ABOUT THIS EXERCISE>
Of the lines in the data below, write out exactly those from the one holding "完美(中国)领导一行看望慰问" through the one holding "LED充電投光燈手電手提家用應急照明泛光投射戶外野營露營燈遙控", both included.
[MATERIAL PROVIDED]
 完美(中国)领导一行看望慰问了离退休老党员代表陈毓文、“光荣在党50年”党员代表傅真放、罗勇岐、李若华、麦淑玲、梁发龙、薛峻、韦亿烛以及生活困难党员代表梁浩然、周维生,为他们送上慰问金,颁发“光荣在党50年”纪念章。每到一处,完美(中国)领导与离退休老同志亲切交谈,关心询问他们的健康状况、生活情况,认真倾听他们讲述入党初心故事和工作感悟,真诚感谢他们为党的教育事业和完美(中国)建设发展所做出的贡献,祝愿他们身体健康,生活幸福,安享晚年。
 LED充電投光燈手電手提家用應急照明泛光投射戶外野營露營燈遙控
[/MATERIAL PROVIDED]
[MATERIAL PROVIDED]
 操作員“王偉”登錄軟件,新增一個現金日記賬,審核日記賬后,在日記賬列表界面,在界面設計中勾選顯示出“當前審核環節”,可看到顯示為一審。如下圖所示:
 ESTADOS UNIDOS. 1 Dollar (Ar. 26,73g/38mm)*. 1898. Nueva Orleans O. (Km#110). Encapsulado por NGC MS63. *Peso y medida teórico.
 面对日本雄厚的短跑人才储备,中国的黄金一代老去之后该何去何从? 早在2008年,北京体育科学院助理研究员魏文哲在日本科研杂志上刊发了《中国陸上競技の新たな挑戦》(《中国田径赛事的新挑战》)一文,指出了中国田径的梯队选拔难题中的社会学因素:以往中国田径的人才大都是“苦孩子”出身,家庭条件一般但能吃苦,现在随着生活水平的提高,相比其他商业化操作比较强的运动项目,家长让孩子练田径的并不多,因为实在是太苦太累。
[/MATERIAL PROVIDED]
[MATERIAL PROVIDED]
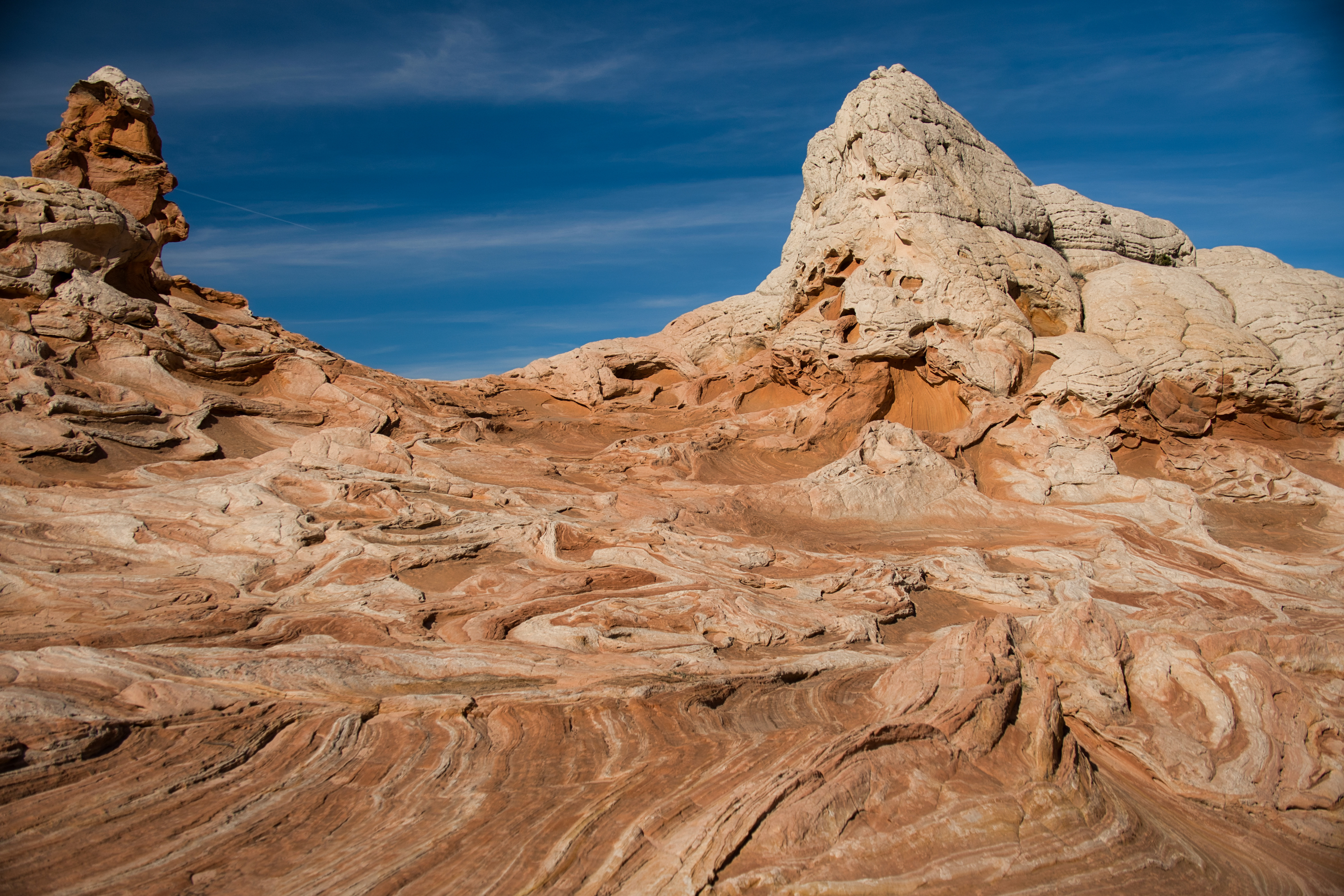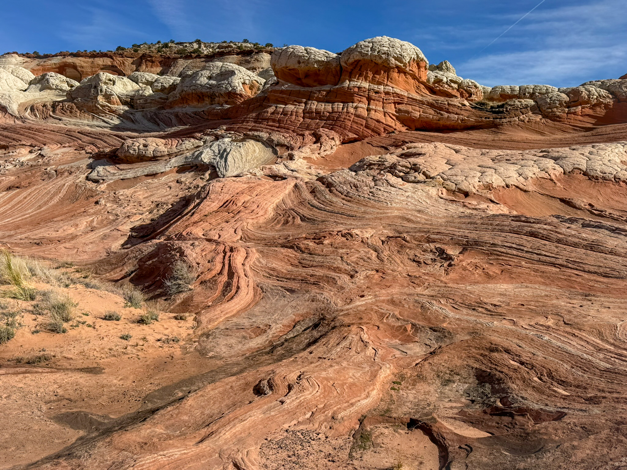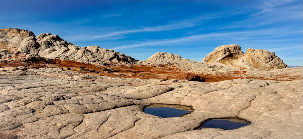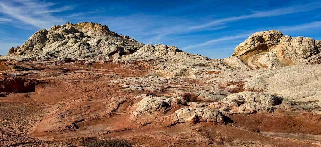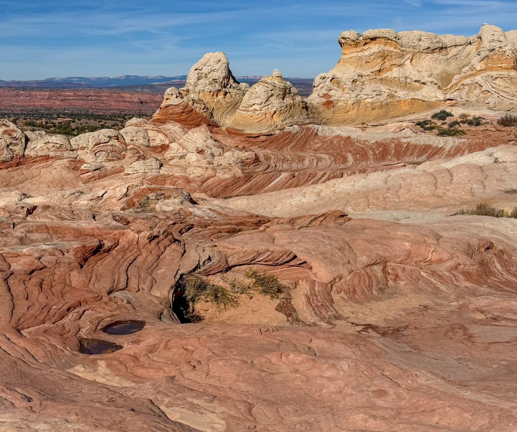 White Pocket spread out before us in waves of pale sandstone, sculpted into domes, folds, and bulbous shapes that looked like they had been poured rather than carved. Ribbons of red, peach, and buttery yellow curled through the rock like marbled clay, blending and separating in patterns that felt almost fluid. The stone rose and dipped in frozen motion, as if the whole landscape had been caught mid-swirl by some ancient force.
[/MATERIAL PROVIDED]
SOLUTION TO THIS PROBLEM>
 完美(中国)领导一行看望慰问了离退休老党员代表陈毓文、“光荣在党50年”党员代表傅真放、罗勇岐、李若华、麦淑玲、梁发龙、薛峻、韦亿烛以及生活困难党员代表梁浩然、周维生,为他们送上慰问金,颁发“光荣在党50年”纪念章。每到一处,完美(中国)领导与离退休老同志亲切交谈,关心询问他们的健康状况、生活情况,认真倾听他们讲述入党初心故事和工作感悟,真诚感谢他们为党的教育事业和完美(中国)建设发展所做出的贡献,祝愿他们身体健康,生活幸福,安享晚年。
 LED充電投光燈手電手提家用應急照明泛光投射戶外野營露營燈遙控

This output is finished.